As shown in fig. 1, the CPLD internal control circuit, through software design, can control the external output of the serial port, and when the CPLD selects "0", it represents that the earphone hole outputs the serial port information (including CPU-related start information) of the BIOS; when the CPLD selects '1', serial port information (mainly restart information of the BMC and log information under a BMC system) of the BMC is output by the representative earphone hole. The restarting time of the CPLD is less than 1 second, so that the serial port switching of the BMC/BIOS can be realized after the CPLD is powered on. The personal notebook is connected with the server through the earphone hole, the notebook runs the serial port assistant, and after the server is powered on, the CPLD switching command is directly input by the serial port assistant. CPLD access link design: the restarting time of the device is less than 1S, a debug serial port of the CPLD cannot be designed normally, and the access control of the CPLD is carried out through the design that the CPLD shares the serial port of the BMC and the BIOS. And (3) CPLD switching function design: the CPU and the Uart interface of the BMC are connected to the CPLD, the serial port information of the BMC and the CPU is transmitted into the CPLD, after the CPLD receives the information, the serial port information of the BMC and the CPU is distinguished according to the link number of the Uart, the CPLD forwards the BMC or the CPU Uart information according to the setting, the content of the forwarding is not carried out, and the CPLD does not carry out any processing. CPLD command specification: directly accessing the CPLD through a serial port tool, a serial port line and an earphone hole, and outputting uart information of the CPU by the earphone hole when the identification bit is set to be 0 according to a software logic preset by the CPLD through a custom command of the CPLD; when the CPLD selects '1', the serial port information of the BMC is output by the representative earphone hole.
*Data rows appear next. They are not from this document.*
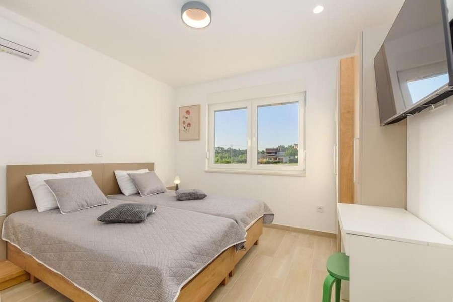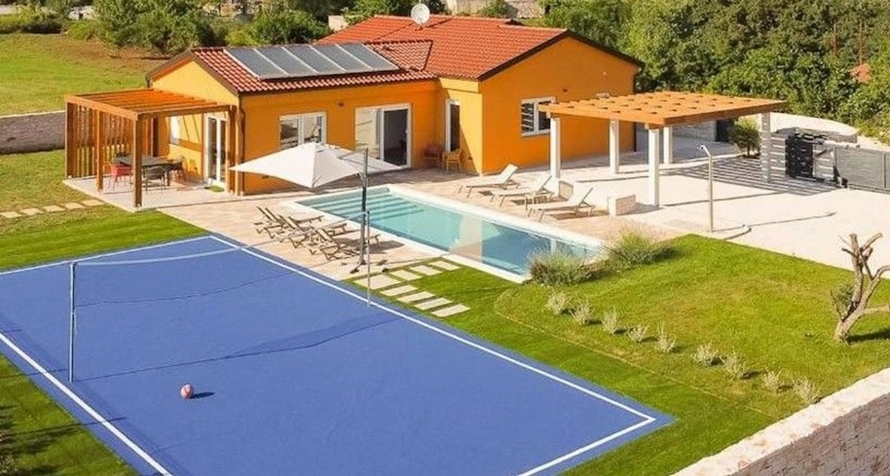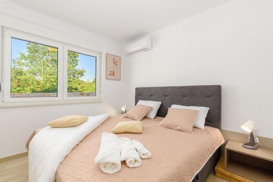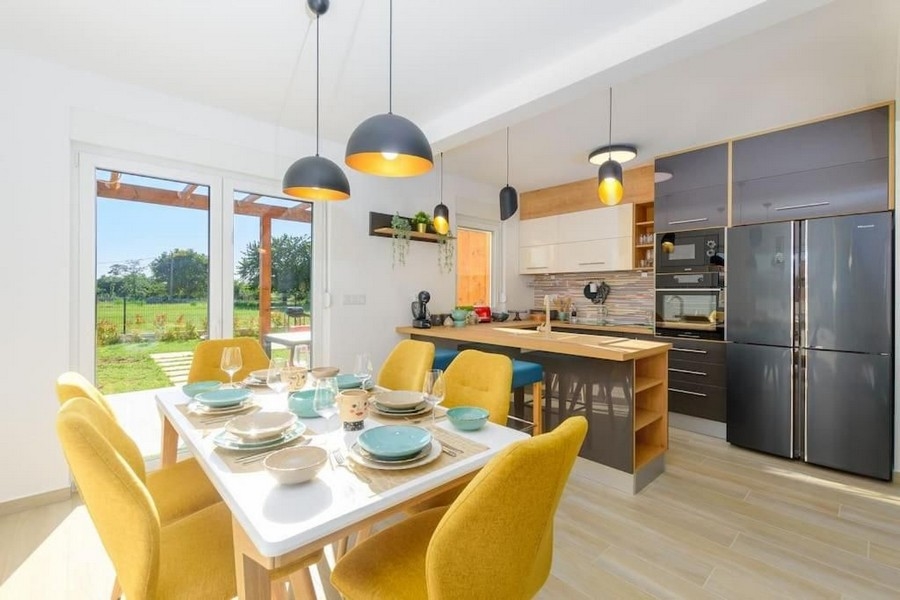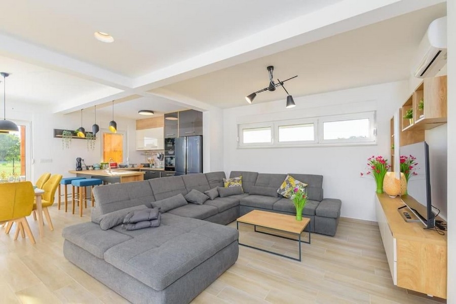 Dieses schöne Einfamilienhaus wurde 2022 gebaut und befindet sich in einer sehr ruhigen und schönen Lage in Istrien. Das Haus ist ca. 20.000 Meter von Rovinj und ca. 11.000 Meter vom Meer entfernt.
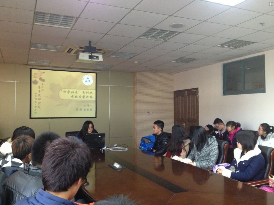 随后,葛芬老师介绍了自己作为访问学者在美国的学习和生活情况,给有出国深造的同学提供了可行性的建议。在讲到自己在海外参加高级会议时遇到华为人的身影时,葛芬老师激动的表示,这是作为中国人的一种自豪,同时嘱咐大家要学好专业基础课,为以后成为中国电子信息工程领域的高级人才奠定良好的基础。
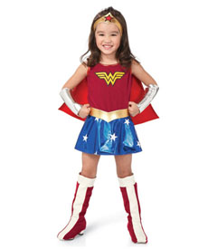 Leave it to you to save the world! You're a wonder in this bright dress with attached cape. A gold headband, belt, silver armbands and boot tops are included. 7-pc. set. Polyester. Made in USA and imported.
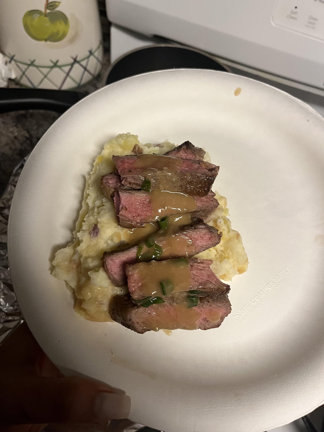 My first time making a NY strip steak. I mostly made it for my boyfriend and he likes it cooked this way. I basted it with green onion and garlic which I never done before. The only thing I want to make sure I remember for next time is to render the fat fully, I always somehow forget and try to rush and do it at the end! I found the fatty part is way tougher on the NY strip. With that being said I enjoyed the ribeye more that I made the other week but NY strip isn’t bad.

Based on the above purpose, the first aspect of the embodiments of the present invention provides an embodiment of a serial port switching method for BMC and BIOS. Fig. 2 is a schematic diagram illustrating an embodiment of a serial port switching method for BMC and BIOS according to the present invention. As shown in fig. 2, the serial port switching method for BMC and BIOS according to the embodiment of the present invention includes the following steps:

001. the server is powered on to start the CPLD;

002. the CPLD controls the switching between the serial port of the BMC and the serial port of the BIOS;

003. when the BMC fails, collecting a BMC fault log through the CPLD, and when the BIOS fails, collecting a BIOS fault log through the CPLD;

004. when the BMC and the BIOS work normally, the CPLD selects the earphone hole to output the serial port information of the BMC or the serial port information of the BIOS.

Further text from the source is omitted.